**WORK REQUIRED**
Exact reproduction is required for the lines below starting at the line with "新增桌/沙發/置物櫃及圍簾提供母性同仁更為隱私的空間" and ending at the line with "Lee Miller, Portrait of space , Ägypten, 1937", both included. No other lines, and no pictures.

**INFORMATION SUPPLIED**
◆ ◆ ◆ ◆ ◆

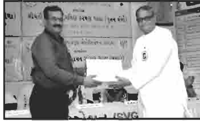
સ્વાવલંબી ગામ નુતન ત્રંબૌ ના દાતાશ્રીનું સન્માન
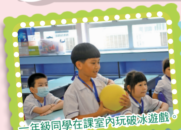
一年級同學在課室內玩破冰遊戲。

◆ ◆ ◆ ◆ ◆

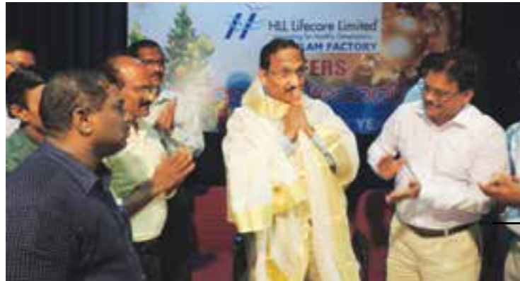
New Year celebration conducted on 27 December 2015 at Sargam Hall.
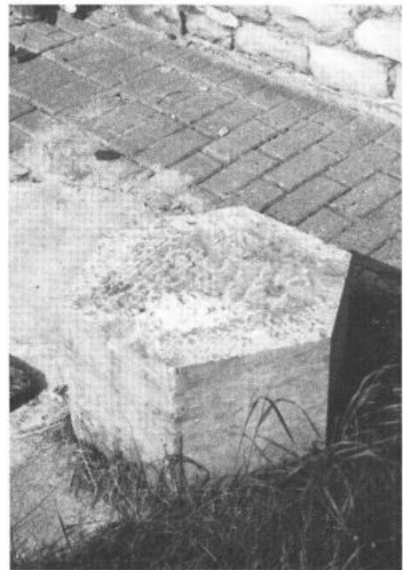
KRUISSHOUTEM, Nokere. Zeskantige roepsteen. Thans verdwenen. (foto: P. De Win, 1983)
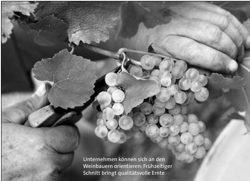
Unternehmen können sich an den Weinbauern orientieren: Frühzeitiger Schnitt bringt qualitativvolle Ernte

◆ ◆ ◆ ◆ ◆

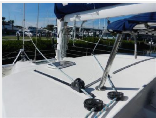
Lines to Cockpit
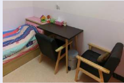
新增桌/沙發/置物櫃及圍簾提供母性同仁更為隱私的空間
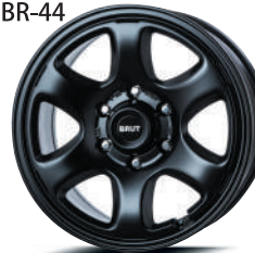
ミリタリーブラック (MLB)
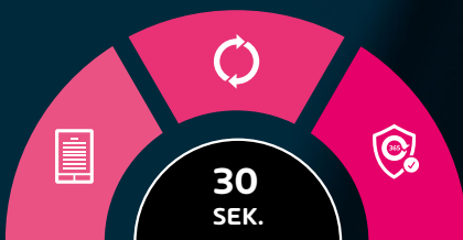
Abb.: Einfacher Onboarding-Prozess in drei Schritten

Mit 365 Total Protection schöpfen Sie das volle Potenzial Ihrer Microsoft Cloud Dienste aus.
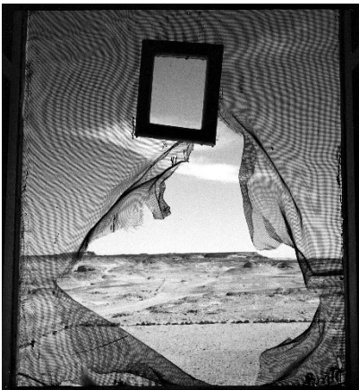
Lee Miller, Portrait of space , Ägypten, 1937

◆ ◆ ◆ ◆ ◆

**ANSWER TO THIS TASK**
新增桌/沙發/置物櫃及圍簾提供母性同仁更為隱私的空間
ミリタリーブラック (MLB)
Abb.: Einfacher Onboarding-Prozess in drei Schritten

Mit 365 Total Protection schöpfen Sie das volle Potenzial Ihrer Microsoft Cloud Dienste aus.
Lee Miller, Portrait of space , Ägypten, 1937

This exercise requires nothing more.